Only thing is, all the above would be considered a form of national industrial policy, and would be guaranteed to produce widespread rants about picking winners and losers, socialism, communism, and so forth. In reality, we're practicing all those terrible things right now, for the benefit of entrenched big business interests and at the expense of small business and the middle class. I doubt anyone could point to any modern country anywhere on earth today whose industrial policies are as detrimental to the general welfare of the country as the policies currently in place in the US.

Oh no...not a national industrial policy...we just need to figure out how to make all our trading partners stop having one.

Frankly our military IS our industrial policy.
 
Guys I am in low end high labor products that I buy from China. Rates in China for labor are steadily increasing and factories that are on the east coast are trying to move inland. Average wage on the east coast is $8500 per year and it is $3500 in the central areas for a factory worker. That is the good news for factories here. The bad news is....

There is a long line of countries waiting to pick up the slack. I am already investigating Cambodia and Vietnam. My competitor abandoned a factory of theirs in China and bought a place in Cambodia.

It is political BS to say that we are just going to tax one country. Some of the other posts were right, we need to fix it from within.

I am happy to say that we are doing some good military work and the buyers appreciate that we make it here. ( textiles )

Jason
 
Last year, the USA exported $1.28 TRILLION worth of stuff.

It isnt true we "dont make anything anymore".

We dont make EVERYTHING anymore, but we still make plenty, and the Chinese still buy tens of billions of dollars worth of US manufactured goods every year. 92 Billion or so last year.

I kinda think losing 92 Billion dollars worth of business would affect the USA.

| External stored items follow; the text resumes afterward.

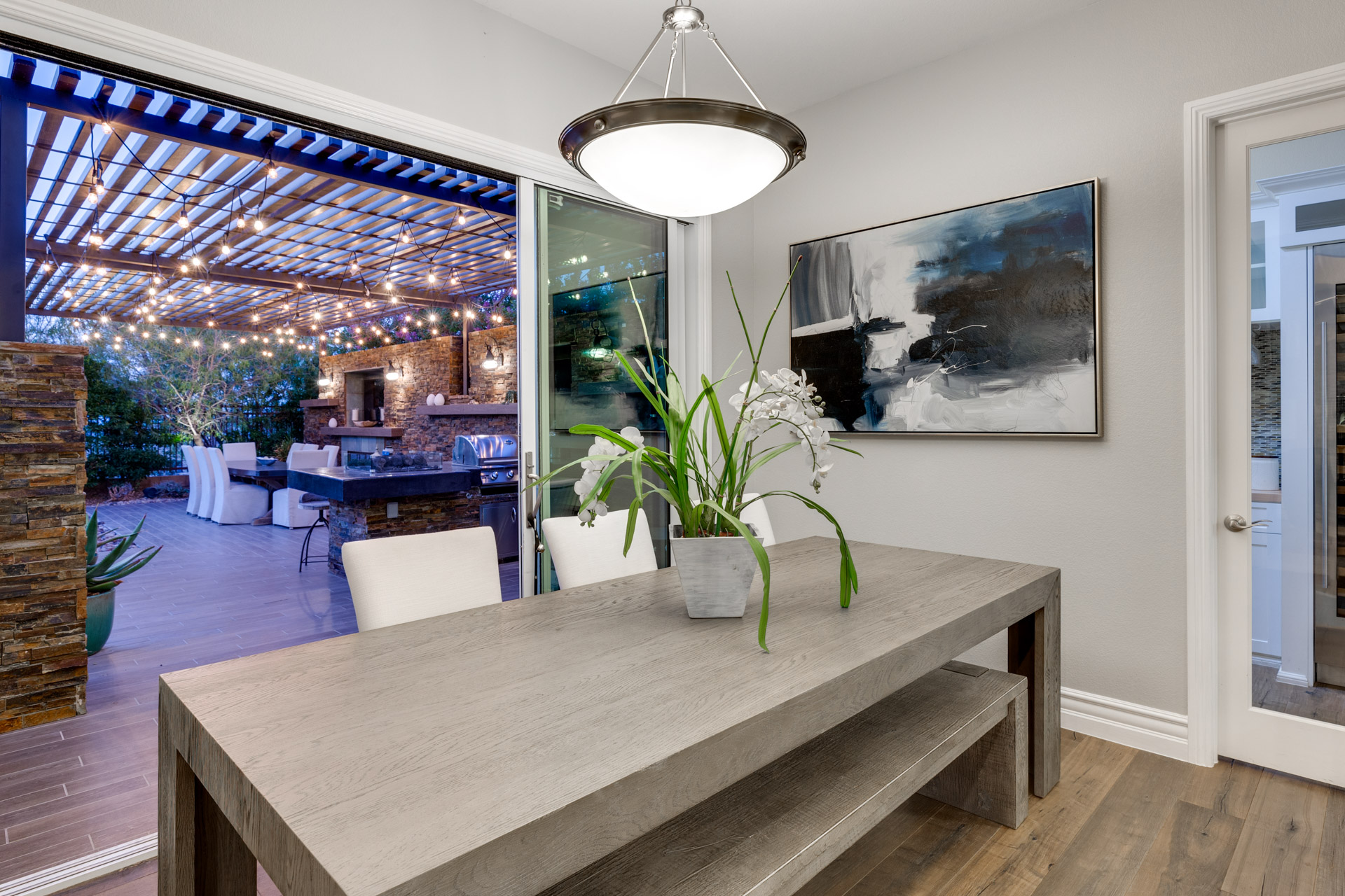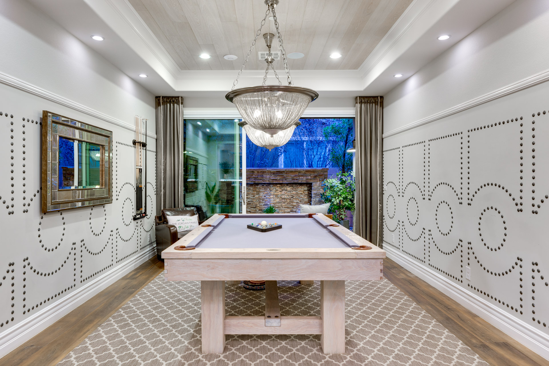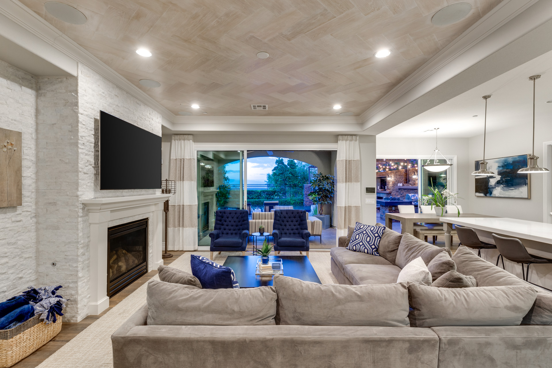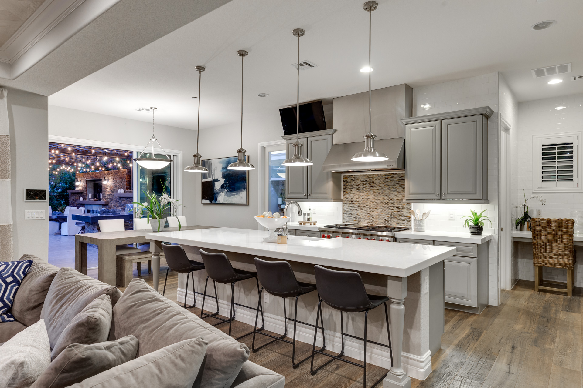 Stunning single-story Toll Bros former model home. Exceptional strip views and fabulous outdoor spaces make this home a very rare find. Designer finishes throughout featuring a gourmet kitchen with Wolf appliances and a grand island. A stylish wet bar with a seating area is perfect for entertaining. Hardwood floors, inset marble tile, unique ceiling details, beautiful lighting, and luxurious accents are found throughout.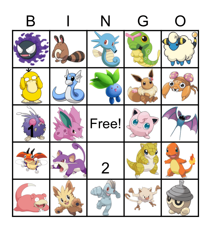 This bingo card has 54 images, a free space and 2 words: 2 and 1.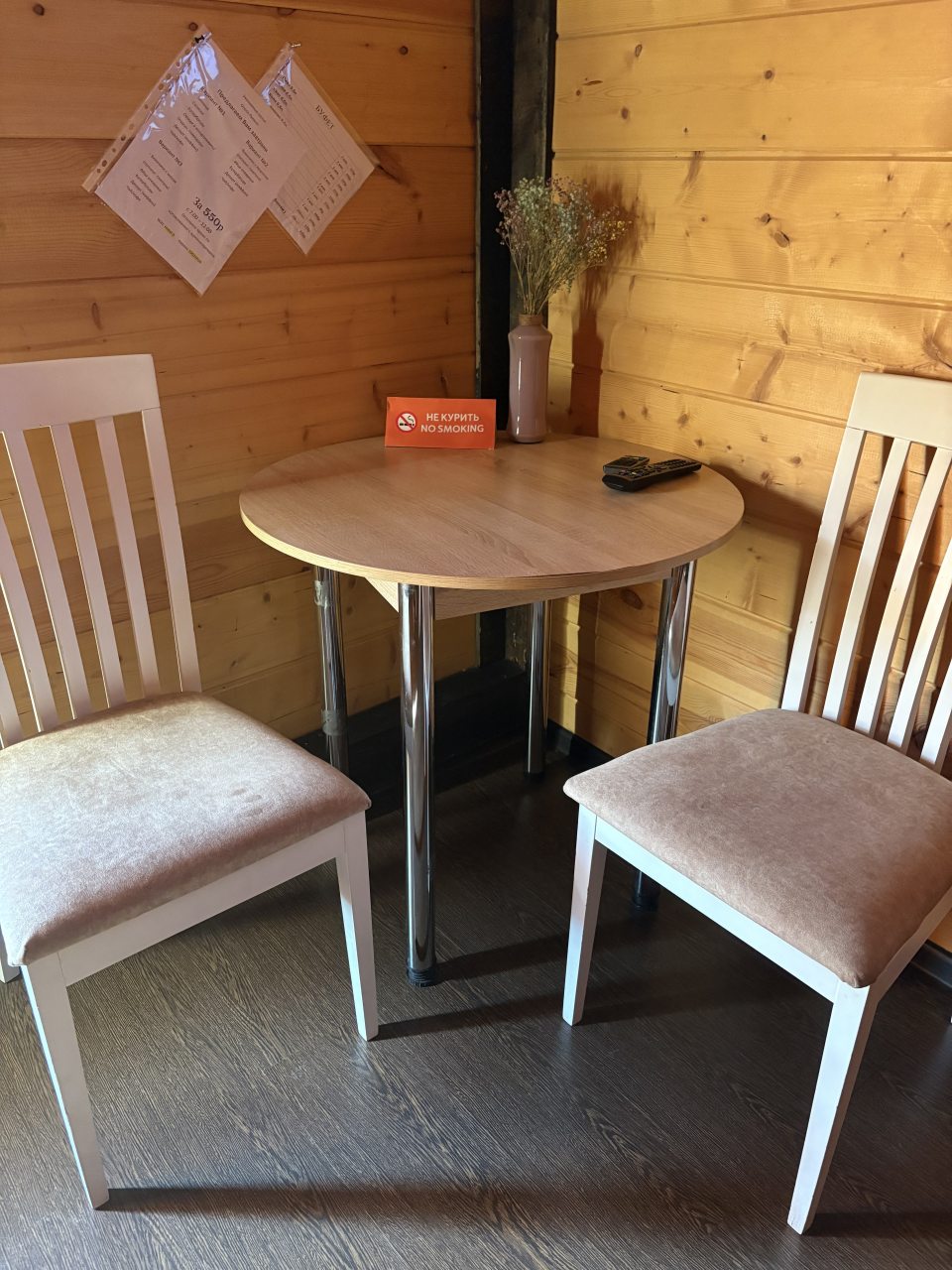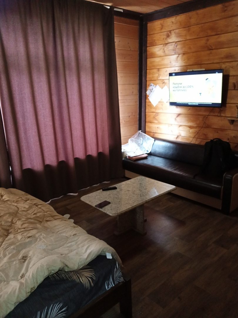Приехали 25 сентября. В отеле тепло. В отеле пахнет деревом. Нет посторонних запахов. В сауну сходили на 2 часа. Сауна очень жаркая и комфортная. Спалось хорошо. Шума от дороги не слышно.

Ries, at some point you will have to step back and examine your constant and never ending statements about the fact that we still make things here and we export plenty of them to other countries.
You really really need to.

Just look at this statistic and munch on it for a while, Will you please?

Foreign Trade - U.S. Trade with China

Then look at these figures too and see where the problem lies:

Foreign Trade - U.S. Trade with India
Foreign Trade - U.S. Trade with Germany
Foreign Trade - U.S. Trade with Japan
Foreign Trade - U.S. Trade with France
Foreign Trade - U.S. Trade with European Union
Foreign Trade - U.S. Trade with Italy

One question would be just how is this sustainable?
Another is that if you look at the statistics, most trade balance ( or imbalance as it may ) is relatively steady with the older trading partners.
China OTOH is growing exponentially, due not in small part to their currency manipulation.

In addition, I find your statement quite astonishing regarding the US being hurt by loosing 92B of trade, yet China could be casual about the loss of 7% of their GDP.
Specially when you consider the difference in profit margins prevalent in the two countries.

So please, quit spewing stuff about us still making stuff here. We do, and likely will in the future. That however has nothing to do with the problem or questions at hand.

Muncher

I have not heard of the Buffet idea before, but I was thinking something along those lines.
Free trade as it exist right now is more of a "free for all" when it comes to this country, and apparently we're seeing the consequences.
Once again, the debate about the dumb unwashed public and the greed-enriched corporate environment that exploits them is brought to light.

All read what you will into it.
 
I agree that trump seems self serving, But I like his aggressive attitude.

Personaly I really like Obama, but sometimes he seems too focused on trying to
make all parties happy. Sometimes you just need to kick a little ass. It feels to me
that Obama is treading too lightly. He doesnt want to step on anyones toes.
I just wish he was more a certive sp?